── Entries supplied ──

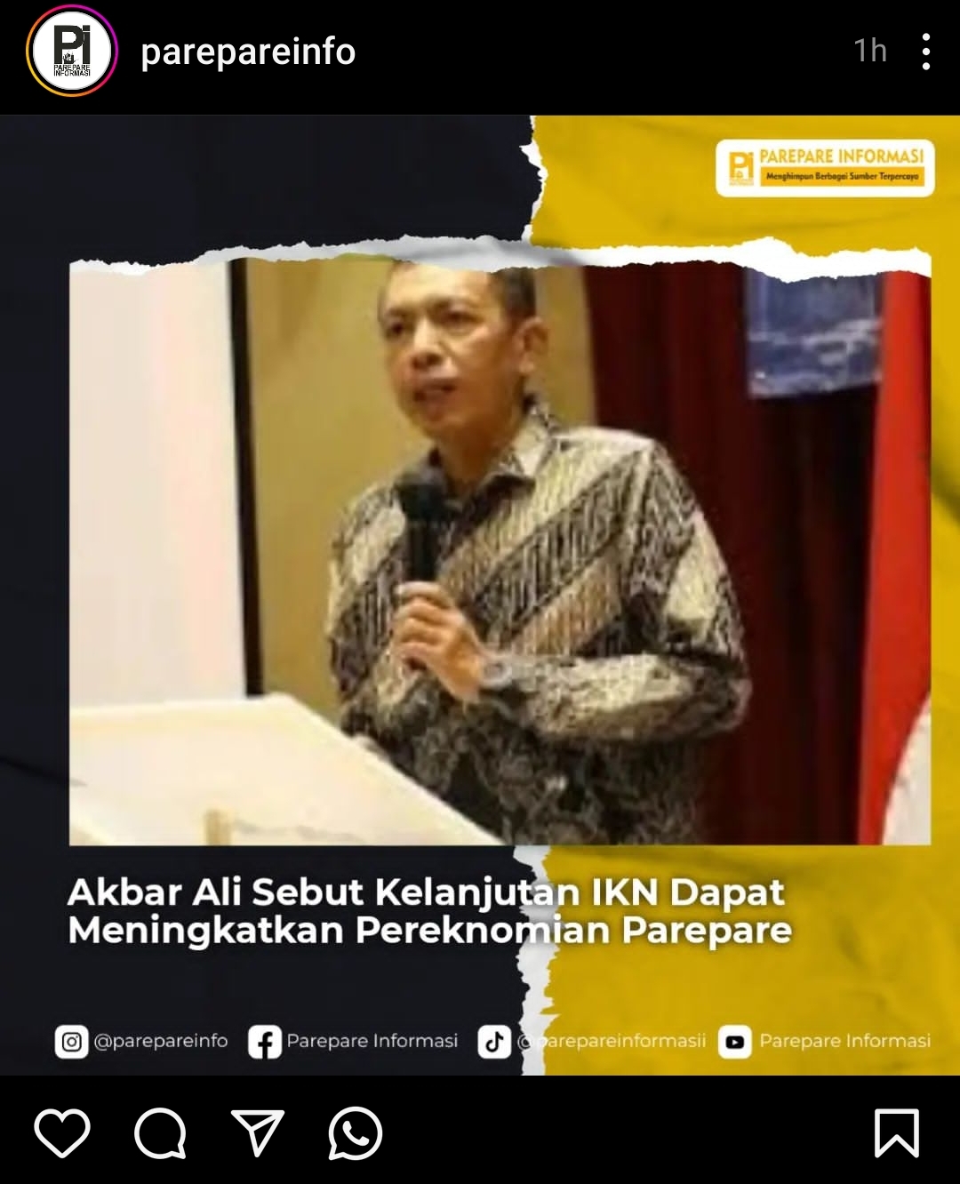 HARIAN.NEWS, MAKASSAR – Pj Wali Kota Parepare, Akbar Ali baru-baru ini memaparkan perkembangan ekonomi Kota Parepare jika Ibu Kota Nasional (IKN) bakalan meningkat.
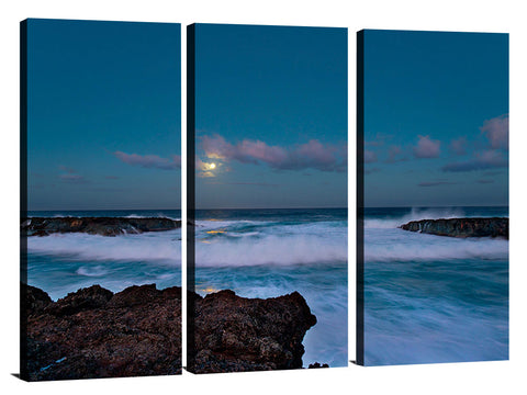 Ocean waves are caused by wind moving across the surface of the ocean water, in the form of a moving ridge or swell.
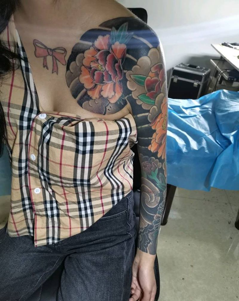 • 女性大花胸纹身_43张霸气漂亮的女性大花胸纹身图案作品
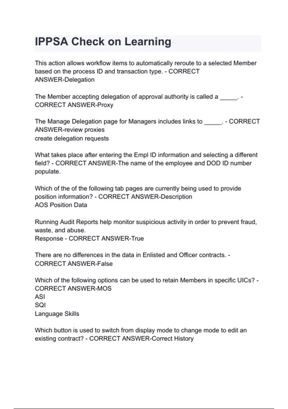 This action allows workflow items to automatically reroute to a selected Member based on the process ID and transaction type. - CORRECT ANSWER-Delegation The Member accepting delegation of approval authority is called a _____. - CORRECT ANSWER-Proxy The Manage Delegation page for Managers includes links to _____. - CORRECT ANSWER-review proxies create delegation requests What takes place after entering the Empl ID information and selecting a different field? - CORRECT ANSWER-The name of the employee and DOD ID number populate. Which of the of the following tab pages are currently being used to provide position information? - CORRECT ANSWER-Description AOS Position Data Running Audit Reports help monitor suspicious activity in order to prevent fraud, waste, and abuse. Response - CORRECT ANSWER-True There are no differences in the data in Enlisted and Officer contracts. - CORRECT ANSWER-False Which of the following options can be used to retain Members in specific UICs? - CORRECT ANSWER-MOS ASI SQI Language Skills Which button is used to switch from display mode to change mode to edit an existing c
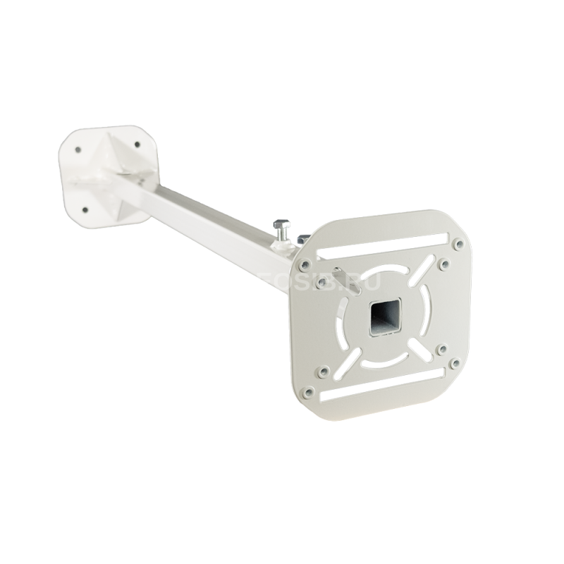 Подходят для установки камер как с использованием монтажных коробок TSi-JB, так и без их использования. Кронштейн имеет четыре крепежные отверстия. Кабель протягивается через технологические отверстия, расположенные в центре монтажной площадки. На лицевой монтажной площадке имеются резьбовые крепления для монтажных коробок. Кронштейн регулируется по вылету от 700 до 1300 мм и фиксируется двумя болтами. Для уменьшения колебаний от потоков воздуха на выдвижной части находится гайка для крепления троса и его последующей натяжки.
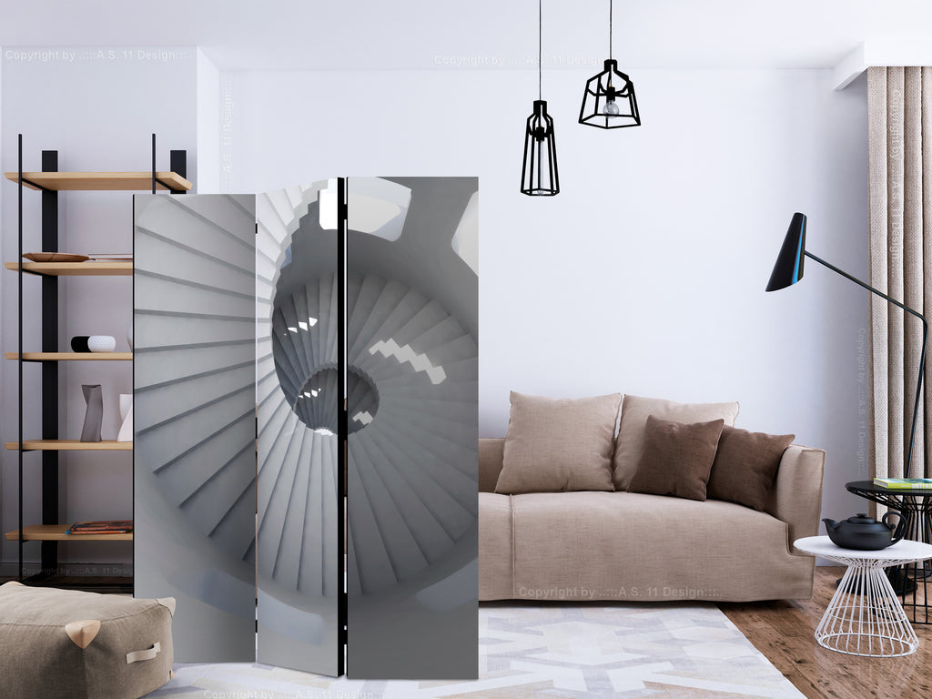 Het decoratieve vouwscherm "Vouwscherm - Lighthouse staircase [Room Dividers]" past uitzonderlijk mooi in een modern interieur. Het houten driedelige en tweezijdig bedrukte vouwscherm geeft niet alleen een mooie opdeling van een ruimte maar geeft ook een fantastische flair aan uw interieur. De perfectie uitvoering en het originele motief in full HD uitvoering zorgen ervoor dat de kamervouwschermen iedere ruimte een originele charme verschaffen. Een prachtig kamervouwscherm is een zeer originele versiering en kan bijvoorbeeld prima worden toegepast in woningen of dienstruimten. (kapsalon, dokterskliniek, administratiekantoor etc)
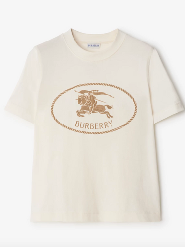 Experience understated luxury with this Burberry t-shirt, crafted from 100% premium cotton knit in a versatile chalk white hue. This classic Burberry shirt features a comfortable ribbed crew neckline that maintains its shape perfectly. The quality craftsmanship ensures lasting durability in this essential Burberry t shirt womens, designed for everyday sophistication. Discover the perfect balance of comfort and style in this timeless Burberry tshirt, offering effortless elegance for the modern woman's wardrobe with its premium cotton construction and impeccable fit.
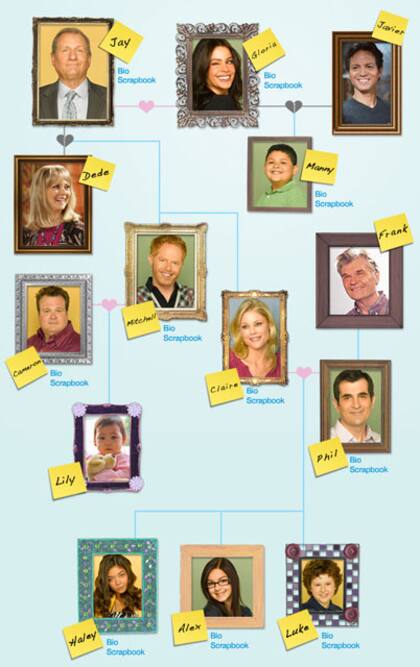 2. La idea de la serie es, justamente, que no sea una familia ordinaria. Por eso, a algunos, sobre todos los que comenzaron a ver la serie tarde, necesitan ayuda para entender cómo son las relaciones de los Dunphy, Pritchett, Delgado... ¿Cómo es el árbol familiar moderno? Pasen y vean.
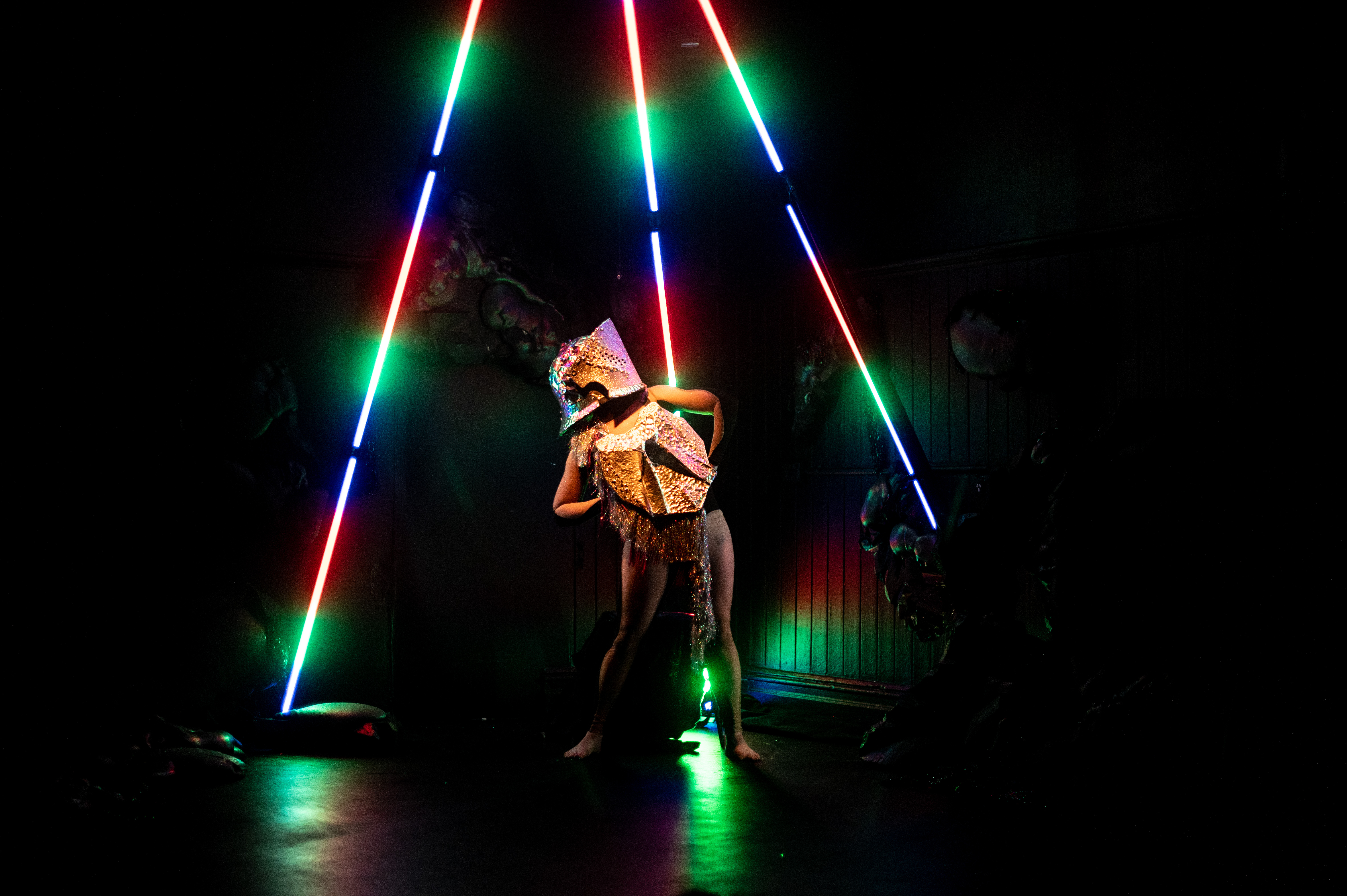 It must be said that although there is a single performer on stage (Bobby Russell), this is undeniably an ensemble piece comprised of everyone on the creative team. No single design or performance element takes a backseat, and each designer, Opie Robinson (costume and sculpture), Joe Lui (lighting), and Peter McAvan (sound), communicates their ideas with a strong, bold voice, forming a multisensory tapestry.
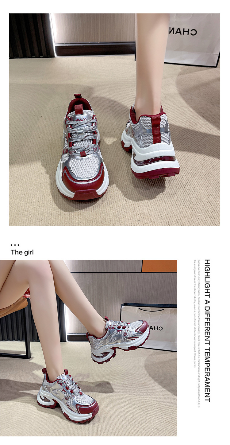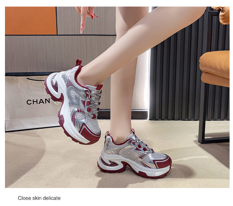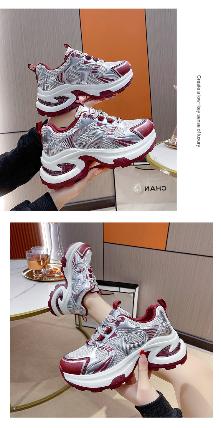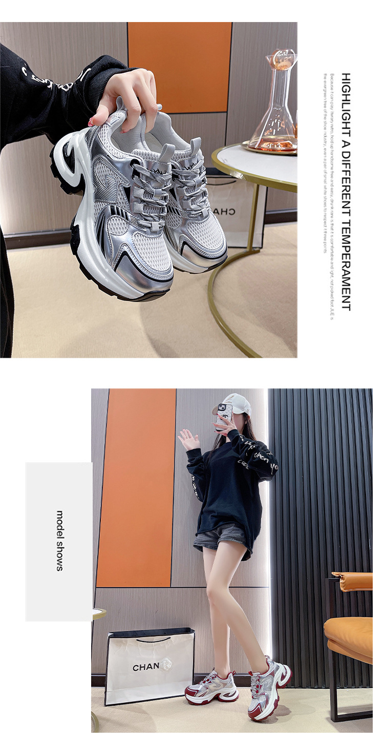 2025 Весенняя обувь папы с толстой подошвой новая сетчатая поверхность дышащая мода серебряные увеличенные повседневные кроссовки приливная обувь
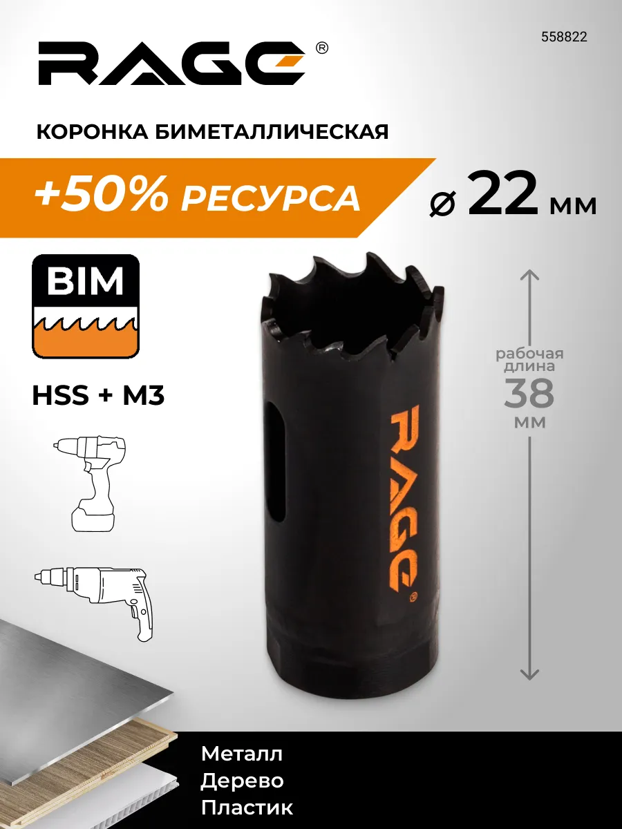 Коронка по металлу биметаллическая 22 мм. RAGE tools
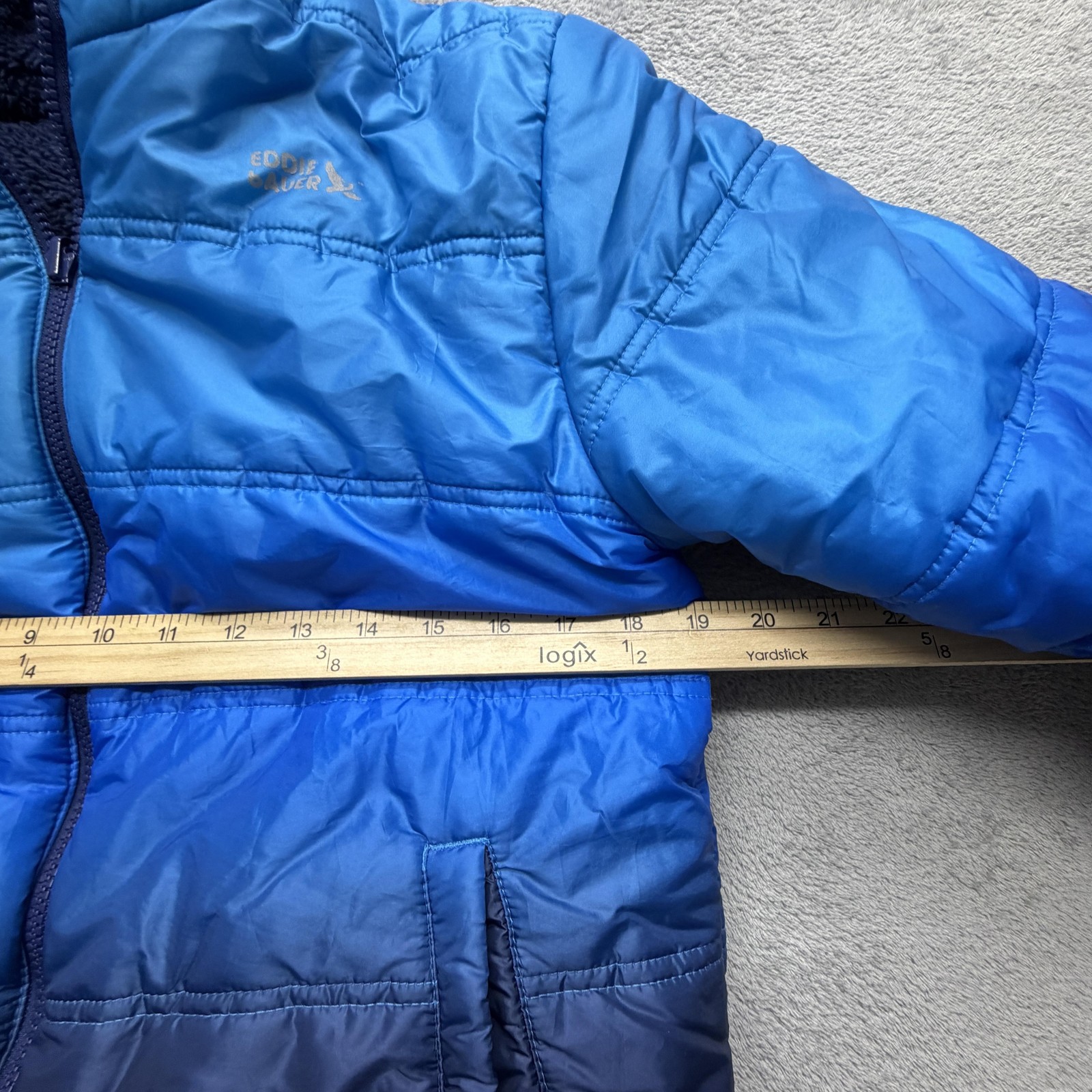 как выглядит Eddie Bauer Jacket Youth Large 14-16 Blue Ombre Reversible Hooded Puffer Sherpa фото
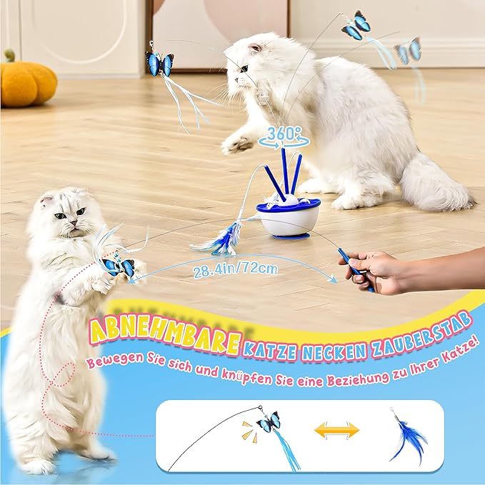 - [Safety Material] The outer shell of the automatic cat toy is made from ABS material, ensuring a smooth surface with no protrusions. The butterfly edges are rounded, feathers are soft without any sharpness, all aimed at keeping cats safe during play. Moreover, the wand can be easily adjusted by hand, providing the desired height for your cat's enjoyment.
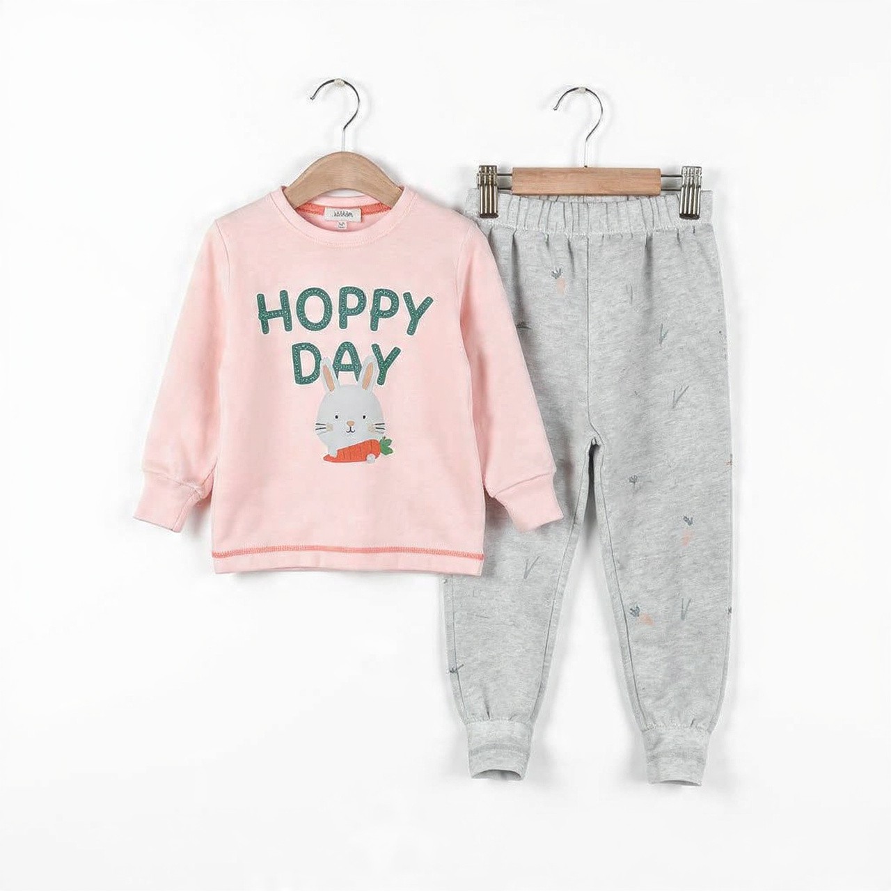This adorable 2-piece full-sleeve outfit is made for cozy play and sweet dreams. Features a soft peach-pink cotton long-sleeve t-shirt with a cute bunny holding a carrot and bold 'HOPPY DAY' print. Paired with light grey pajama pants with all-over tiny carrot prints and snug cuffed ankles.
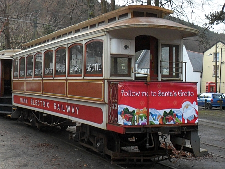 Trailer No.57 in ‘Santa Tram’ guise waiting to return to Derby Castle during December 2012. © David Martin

───

*Exercise brief*.
When you reach the line that contains "2025 Весенняя обувь", start reproducing, and continue word for word to the end of the records; skip all pictures.

*Expected output*.
 2025 Весенняя обувь папы с толстой подошвой новая сетчатая поверхность дышащая мода серебряные увеличенные повседневные кроссовки приливная обувь
 Коронка по металлу биметаллическая 22 мм. RAGE tools
 как выглядит Eddie Bauer Jacket Youth Large 14-16 Blue Ombre Reversible Hooded Puffer Sherpa фото
 - [Safety Material] The outer shell of the automatic cat toy is made from ABS material, ensuring a smooth surface with no protrusions. The butterfly edges are rounded, feathers are soft without any sharpness, all aimed at keeping cats safe during play. Moreover, the wand can be easily adjusted by hand, providing the desired height for your cat's enjoyment.
This adorable 2-piece full-sleeve outfit is made for cozy play and sweet dreams. Features a soft peach-pink cotton long-sleeve t-shirt with a cute bunny holding a carrot and bold 'HOPPY DAY' print. Paired with light grey pajama pants with all-over tiny carrot prints and snug cuffed ankles.
 Trailer No.57 in ‘Santa Tram’ guise waiting to return to Derby Castle during December 2012. © David Martin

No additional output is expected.